The Darryl Cheeks Story

I received a four-year academic scholarship (after attending Evanston Township High School) directly to the University of Illinois’ Business School in Champaign/Urbana, Illinois.  During my college days, I was elected to the Outstanding College Students of America and took a more serious interest in my religious faith where I began pursuing my minor concentration in theology.  I also began apprenticing for the ministry in 1988 with the Monroe Street Church of Christ and spent the next four years in that apprenticeship.    My major was accounting where I did receive my B.S. in Accountancy in 1990.

After my internship with Arthur Andersen in 1989 (during my junior year of college), I joined the firm on a full-time basis in May of 1990.  I also passed my certified public accountancy (C.P.A.) exam right after graduation.  I worked in Andersen’s entrepreneurial group for the next 3 ½ years and received a very prestigious honor where Andersen elected me to attend Harvard’s Summer Venture Management program (master’s level educational program for outstanding performing minority employees in fortune 500 companies).

In late 1993, I was offered a position in Abbott Laboratories’ Corporate Audit/Reconstruction Group.  I was one of the few minorities and one of the youngest employees to serve in this group.  Our responsibility was to fly all around the world, wherever Abbott had locations, and perform substantive testing and make recommendations for change management for under-performing company operations.  In 1995, I received another offer that I could not refuse.  I joined a company called Hoyt Fasteners as its chief financial officer (CFO).  Hoyt was a $7M logistical supply chain firm that supplied original equipment manufacturers (OEM’s) with Class “C” inventory parts in the manufacturing process.  I worked for this firm for close to four years and during this time, the company grew from $7M to $182M.  The growth was a function of $60M in organic growth, two mergers, an acquisition and an IPO by 1998; most of which I spearheaded as the CFO.

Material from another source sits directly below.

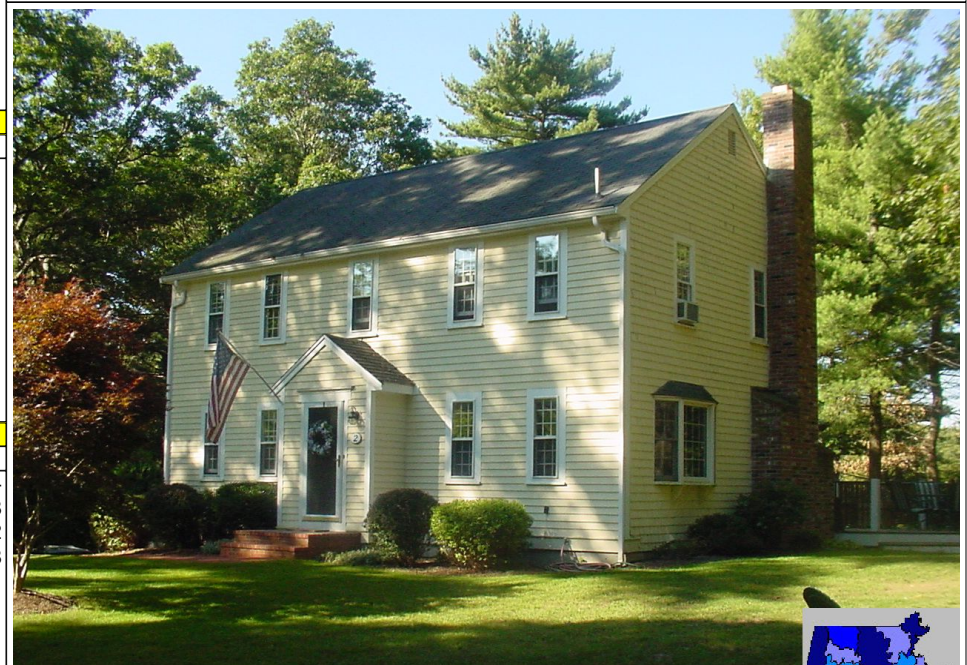
2 OHTAG PATH
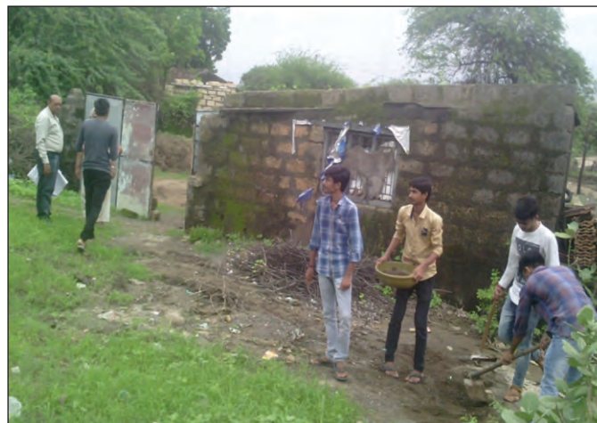
Swachhata Abhiyan Dt. 26/07/2018

I was absolutely on top of the world at this time.  I was close to 31 years of age and the Executive Vice President and CFO of an almost $200M company.  However, things could not remain so good.  The board of directors of the newly IPO’d company (Pentacom Industries) relocated its corporate headquarters to Houston, Texas. While great for the company, not so great for me.  By 1998, I was newly married and desiring to raise my unborn children (at the time) with extended family in the Chicagoland area.  I was the assistant minister of the Monroe St. Church of Christ (an inner-city pulpit ministry on the west side of Chicago) and the founder and Executive Director of Soul Food Prison Ministries (a prison ministry serving the incarcerated population in the state of Illinois).  This prison ministry, in its 17 years, served over 100,000 inmates through Cook County Jail, a prison newsletter, ministerial care in the correctional facilities throughout the state of Illinois, a tape ministry and a half-way house for ex-offenders.

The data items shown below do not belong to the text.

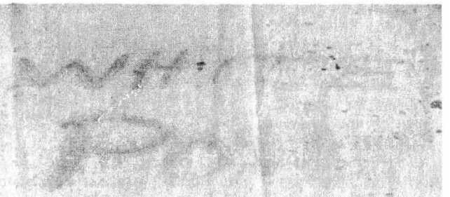
Signs of our times . . . .
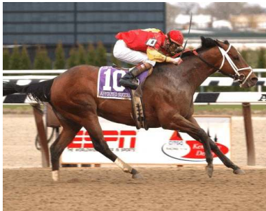
Affirmed Success Takes Carter H.

Both Left Bank (French Deputy) and Affirmed Success (Affirmed) have shown a fondness for the main track at Belmont Park in the past, each winning five of his seven starts over the course. The two will put their stellar Belmont records on the line in the G1 Met Mile this afternoon. Eight-year-old Affirmed Success bids for his third straight victory in the $750,000 event. The ultra-consistent bay captured the Mar. 16 Toboggan H. and the Apr. 13 G1 Carter H. at Aqueduct in his last two starts, both
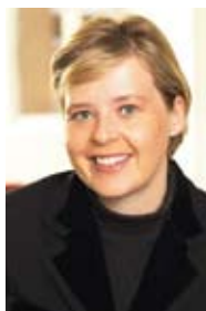
Bradford & Bingley
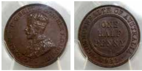
281 1933. PCGS graded MS 64 BN. Brown with lustre. Ch.UNC
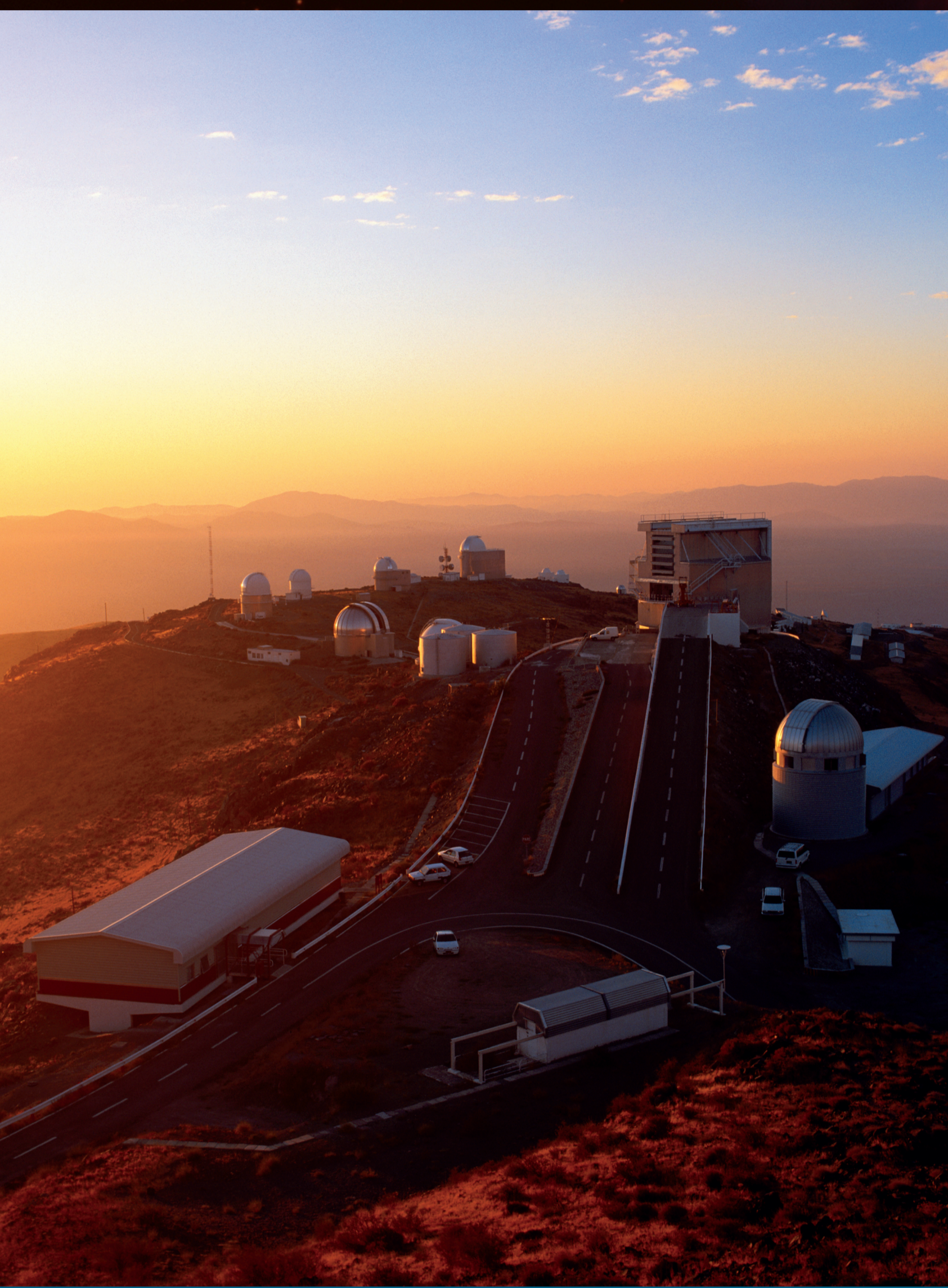
The La Silla Observatory.

A Studentship programme for PhD students lasting one to two years is also available.
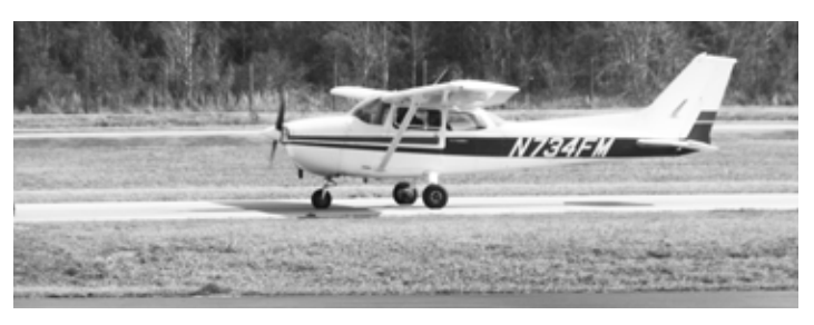
Plane used for the BCF Aviation Program
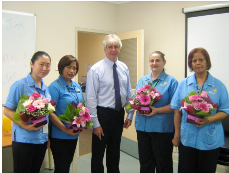
Certificate IV Awards ceremony
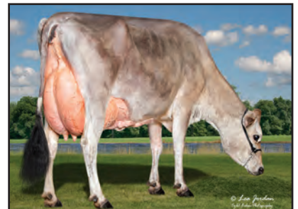
SOUTH MOUNTAIN CASINO HIGHROLLER-ET Sister to the Dam of Lot 15
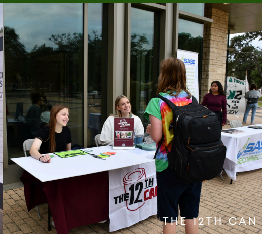
THE 12TH CAN
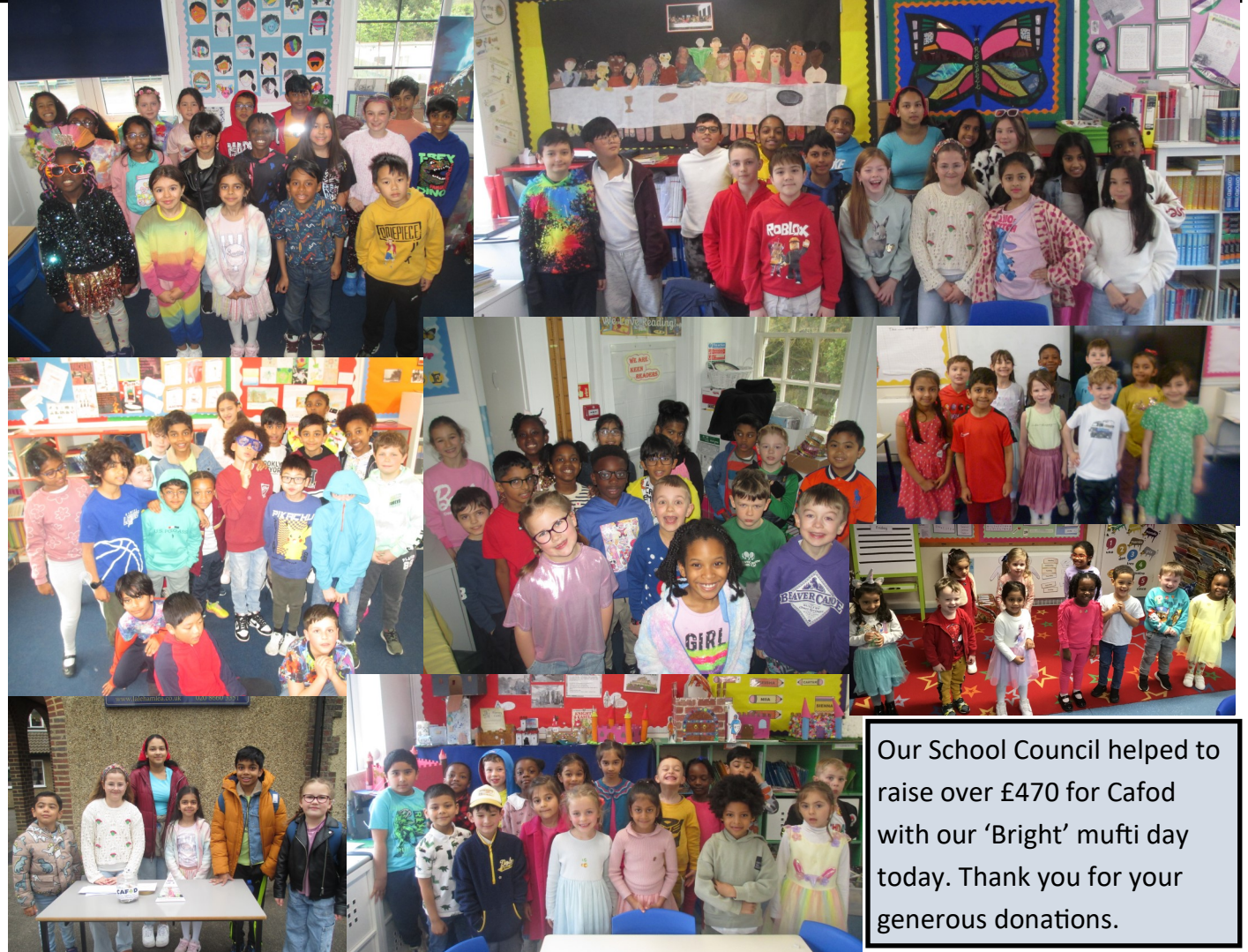
Our School Council helped to raise over £470 for Cafod with our 'Bright' multi day today. Thank you for your generous donations.
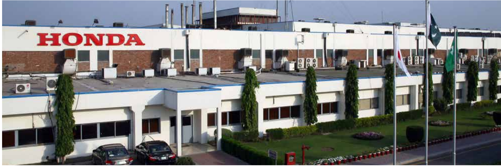
Honda Cars, Lahore
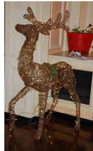
Rudolph stops in for a visit

It was ALL ABOUT RED at this year's fabulous Seattle Garden Club Auction and Luncheon. With the Sunset Club all decorated for the Holidays and our lovely: red-themed centerpieces adding pops of color throughout, it could not have been lovelier. The auction provided many opportunities for supporting SGC, and the early numbers show we have made over $36,000 for Community Projects!
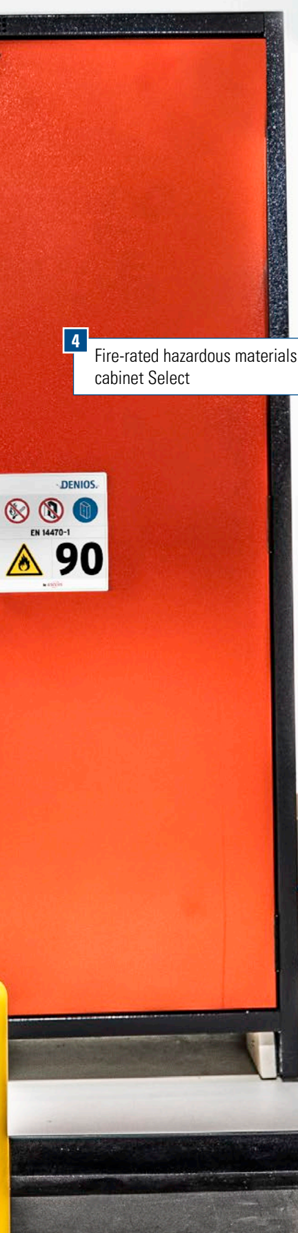
4 Fire-rated hazardous materials cabinet Select

The selection of a hazardous materials cabinet generally depends on which substance will be stored in it. Three types of substances are considered: water-polluting, flammable and aggressive. For each of these substances, DENIOS offers a wide range of hazardous materials cabinets, adapted to suit your needs.

I made the decision to leave Pentacom, run my ministries and pursue the road of entrepreneurship.  By the age of 30, I had done the following:

  • Worked for 2 fortune 500 companies
  • Successfully spearheaded the significant growth of a company culminating in an IPO
  • Served on several non-profit boards where I additionally held the position of chairman/president of said board for a majority of them
  • Formed Soul Food Prison Ministries working with over 25 participating churches of Christ throughout the state of Illinois

To me, this served as a great backdrop for me to move forward on my own.  An additional thing to share, in 1995, I began working with a very close family friend named Hecky Powell who owned a restaurant in Evanston, Il called Hecky’s Barbecue.  His restaurant had opened in the early 80’s and had experienced unbelievable success.  For several years after opening his restaurant, Hecky had been named the Barron of Barbecue for the Northshore of Chicago.  Hecky approached me to work with him to find a way to get his barbecue into the mouths of as many people as possible but he did not want to go the franchising route.  So, every Tuesday, for over a year, we met at the Orrington Hotel in Evanston to devise a way to expand his barbecue product offerings.  Well, by late 1996, we came up with a plan to offer his products utilizing a food distribution model. We formed a company called Chicagoland Barbecue in December of 1996 and came up with the tagline – “One Restaurant with Take Out to the World.”  Our very first sales came in 1998 as we had two customers, Washington Square Restaurant on the south side of Chicago and Brookfield Zoo (the Backyard Barbecue).  We had $58,000 in revenue and lost over $320,000 in net loss.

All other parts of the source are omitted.